I shall now mention the stereo ear buds that came in the box. They are, in all but one crucial respect, rather nice. In fact, much nicer than the set that came with my N95.

They have little rubber cups over them that fit really well in your ears and effectively isolate you from the outside world ( although my God does eating toast echo in your head), the cords seem stronger and the control is a very attractive unit, as opposed to the ugly chunk of the N95's unit. And when I plugged it in, I got a message saying to use the phone microphone. Not an actual full hands free, then?

Specific moments of fail (or, on twitter, #fail):

  • system settings and email settings both appear as an application called " settings", which makes life interesting when you're trying to assign a shortcut and you have to choose from a text only list;
  • in old S60 3rd Ed, settings dialogues that had multiple pages had visible tabs. In 5th, there are tiny little arrows instead, very easy to miss. Fail;
  • this is more a design thing: when you select a text field to edit with the soft keyboard, what you get is the keyboard replacing the application you're in with its own sort of scratch buffer, instead of just popping up and resizing the application. You get the full amount of existing text and I suppose it neatly deals with the problem of badly designed applications, but it looks incredibly amateurish;
  • The screen lock switch. Easy to use, but the cheapest and tackiest piece of design and manufacturing on the whole device. It actually rattles;
  • it gives you a message to "unplug charger from wall to save power" whenever you unplug phone from charger. Annoying enough. But, it gives you the same message when you unplug a USB cable. Can't it check, and realise that would be a stupid message to give?
  • there is no transflective layer on the screen, making it all but invisible in bright sunlight. News flash, Finns: some of us live in countries with bright sunlight, and would like to be able to use your phones outdoors. Particularly the rather excellent camera you provided, which can't be properly aimed if we can't see the screen;
  • I think I have just diagnosed one of the worst offenders of lingering-even-after-dead RAM hogging. Nokia's own Podcaster. The one they declined to donate to Symbian. I wonder if I've now found out why? I was having hideous problems with running out of RAM to the point where the only way to get the image gallery to load was to reboot. And everything has improved suddenly, and the only change I can identify is that I switched to the development, official Symbian Podcatcher, which is also better designed and nicer to use;
  • The home screen keeps crashing, and needing to reload. Please note, it has received two firmware updates since release, already, and it's still happening.
So, after all that, what is the single biggest thing the mini needed to be a truly great phone?
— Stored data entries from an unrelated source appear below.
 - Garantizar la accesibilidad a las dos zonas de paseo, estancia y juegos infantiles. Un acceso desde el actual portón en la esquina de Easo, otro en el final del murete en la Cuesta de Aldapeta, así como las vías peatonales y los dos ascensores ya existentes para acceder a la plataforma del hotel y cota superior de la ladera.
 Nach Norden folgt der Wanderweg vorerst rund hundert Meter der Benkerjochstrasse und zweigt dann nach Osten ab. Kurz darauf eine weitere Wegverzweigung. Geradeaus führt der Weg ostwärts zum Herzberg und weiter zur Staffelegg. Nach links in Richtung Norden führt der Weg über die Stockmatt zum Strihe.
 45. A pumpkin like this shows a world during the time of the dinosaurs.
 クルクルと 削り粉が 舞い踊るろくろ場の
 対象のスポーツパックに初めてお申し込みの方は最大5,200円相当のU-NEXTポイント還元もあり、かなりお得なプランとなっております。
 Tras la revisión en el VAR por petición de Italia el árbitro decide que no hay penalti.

Double the RAM. It really is that simple. The screen is unnecessarily annoying in direct sunlight, the lock switch is a little cheap, it could have done with at least one more firmware generation before being released - possibly three.
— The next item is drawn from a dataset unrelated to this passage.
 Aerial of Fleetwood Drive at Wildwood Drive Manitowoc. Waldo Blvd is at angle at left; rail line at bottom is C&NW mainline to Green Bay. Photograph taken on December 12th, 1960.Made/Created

But the single biggest issue with it is performance, and we all know that the single best way to improve performance of any computer is - more RAM.
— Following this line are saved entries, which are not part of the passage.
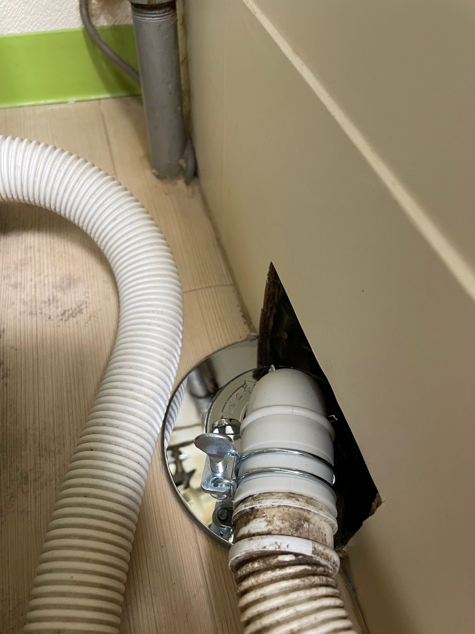 上階の洗濯機を使用した際に漏れてきたみたいで、洗濯排水トラップの不具合と思われます。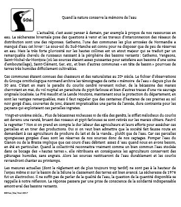 Notre collègue Jean Collette s'interroge dans cet article sur la gestion des zones humides des hautes vallées fluviales (la vallée de la Sée ici). Les conséquences de cette gestion sont importantes pour l'avifaune : l'assèchement de parcelles jusqu'alors humides une partie de l'année afin qu'elles deviennent exploitables pour l'agriculture a entraîné la disparition d'espèces nicheuses comme le courlis cendré et la bécassine des marais ou encore le pipit farlouse.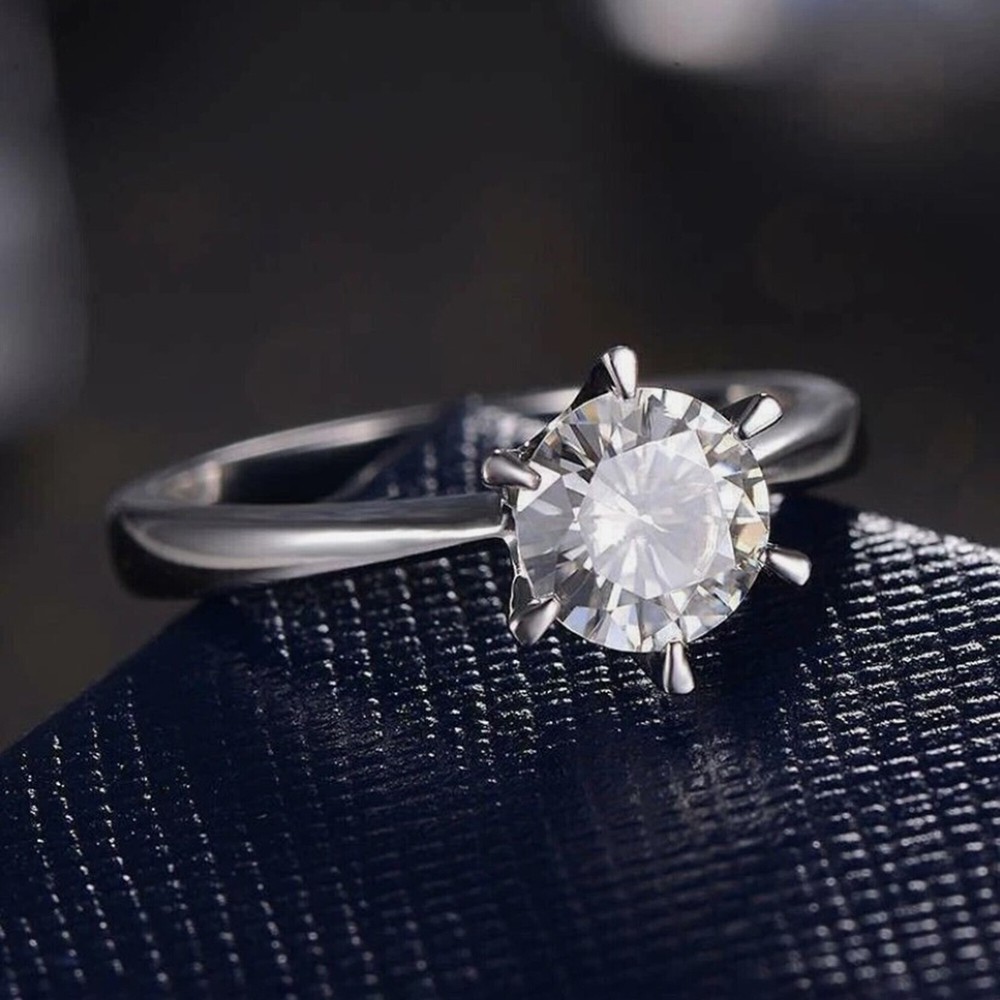 $ 124.49.50 Ct Round Cut White Diamond Solitaire Ring 925 Silver Certified Sparkle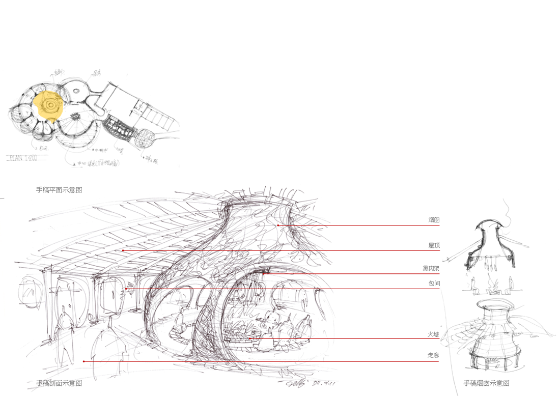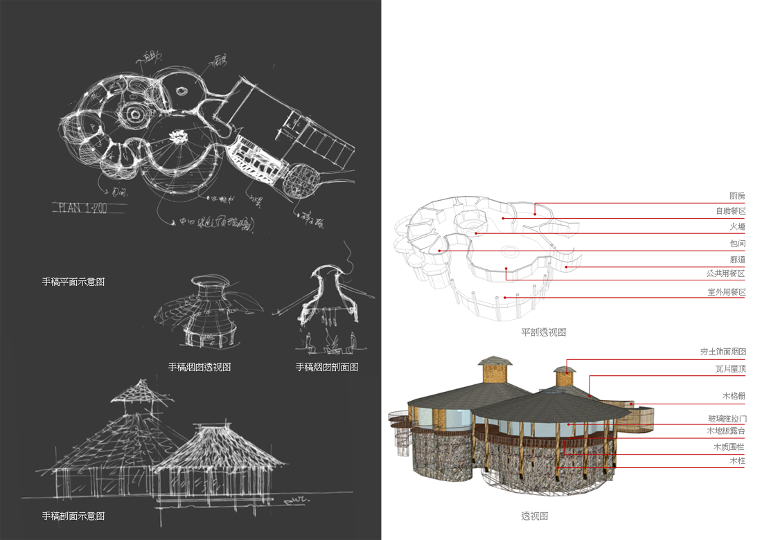 餐饮区建筑整体半悬挑于水面之上,室内由大堂区、包间区、自助用餐区、火塘区跟厨房五部分组成。水面上的外挑就餐区是非常好的观景区域,而室内的火塘可让用餐者有更多的交流空间,也可以为而处于最近的自助餐区域提供空间,包间区域都带有独立的阳台,增加观景视野。

It just runs out too damn easily. It has 128MB, and that is just not good enough. It has about 40MB free after booting, and that drops pretty quickly.

The benefits of the most mature and sophisticated multi-tasking mobile device operating system start to disappear when applications running in the background start closing down every time you run something interesting in the foreground - the HOME SCREEN keeps crashing, and that's just stupid.

If Nokia had given this thing 256MB, it would have made the WORLD of difference.

As it is, it feels like yet another own goal, nearly-there effort. And that bites when you're a customer trying to use it the way it could be used.